Dolina cienia jest łatwiejsza niż koszmar kruka😀
Jedno i drugie do zrobienia magiem w 2 rozdziale.
Aczkolwiek powiedziałbym, że dolina cienia jest trudniejsza, jak chcesz wszystko pozabijać.
Bo na drodze do jaskini z próbą ognia stoi mag, który był dla mnie wielką przeszkodą, ale można go pominąć zamieniając się w krwiopijcę.
W koszmarze kruka wszystkich bossów można zbugować (nawet tego z tarczą), walka z bezimiennym to ciągła ucieczka i okładanie go atakami dystansowymi.
Mówię tu oczywiście o magu, ewt. łuczniku, który może wszystko powybijać wchodząc na jakieś półki skalne/bić z dystansu itp. wojownikiem w zwarciu to inna para kaloszy, trzeba mieć po prostu dobre staty, żeby to wszystko przejść (hp i siła).

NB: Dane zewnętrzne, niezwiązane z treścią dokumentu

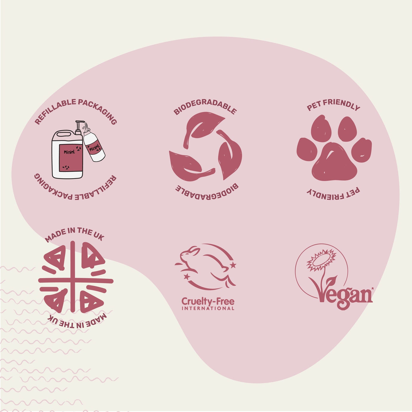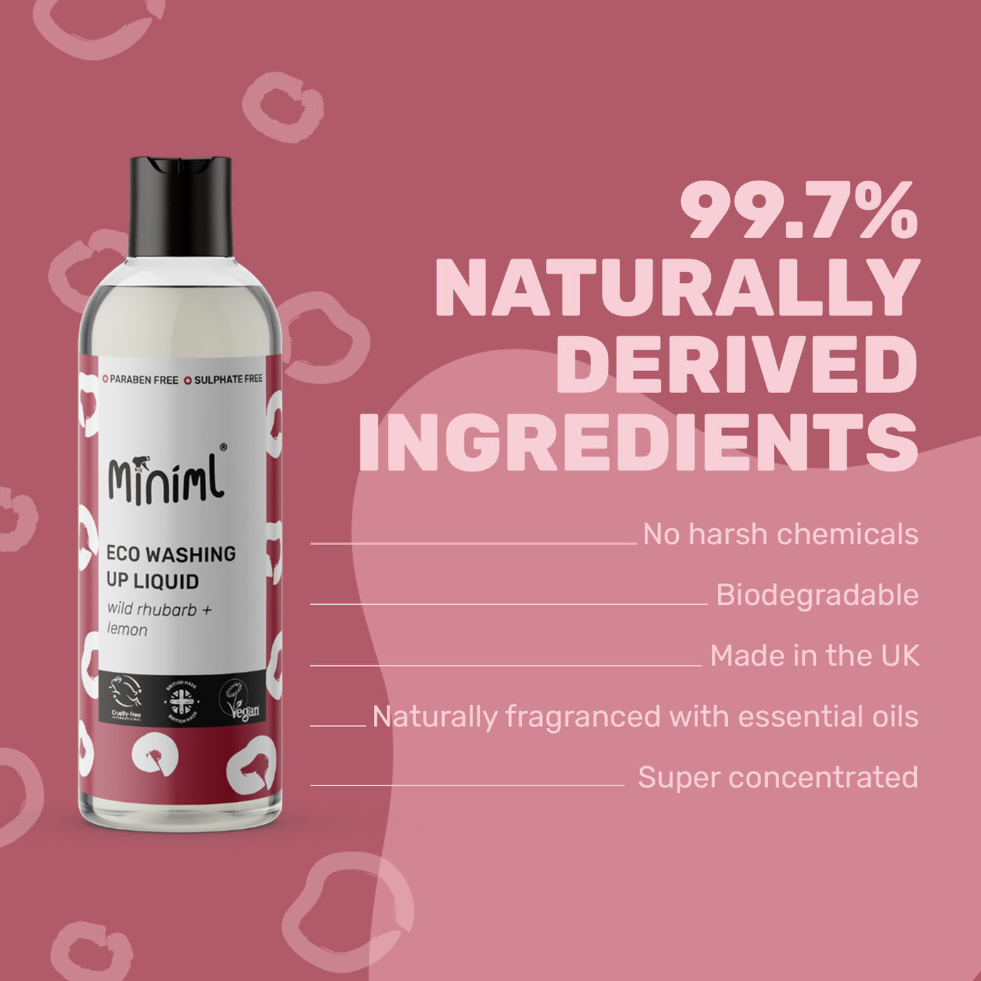 Aqua**, <5% Anionic Surfactants*, <5% Non-Ionic Surfactants, <5% Amphoteric Surfactants*, Potassium Sorbate*, Sodium Benzoate*, Perfumes. *Denotes plant or mineral origin. **Water from The Yorkshire Moors. For a detailed what's what, go to Miniml's ingredients page.

Magiem gra jest taka łatwa, że zastanawiałem się, czy nie wejść do zaginionego brata w 2R (miałem spełniony wymóg many), ale stwierdziłem, że nie będę się męczył runką z 3 kręgu.
Tak przy okazji, magiem polecam grać na koszmarze, ewt. na gothicowym wszystko na hard, bo gra jest zbyt nudna w innych konfiguracjach.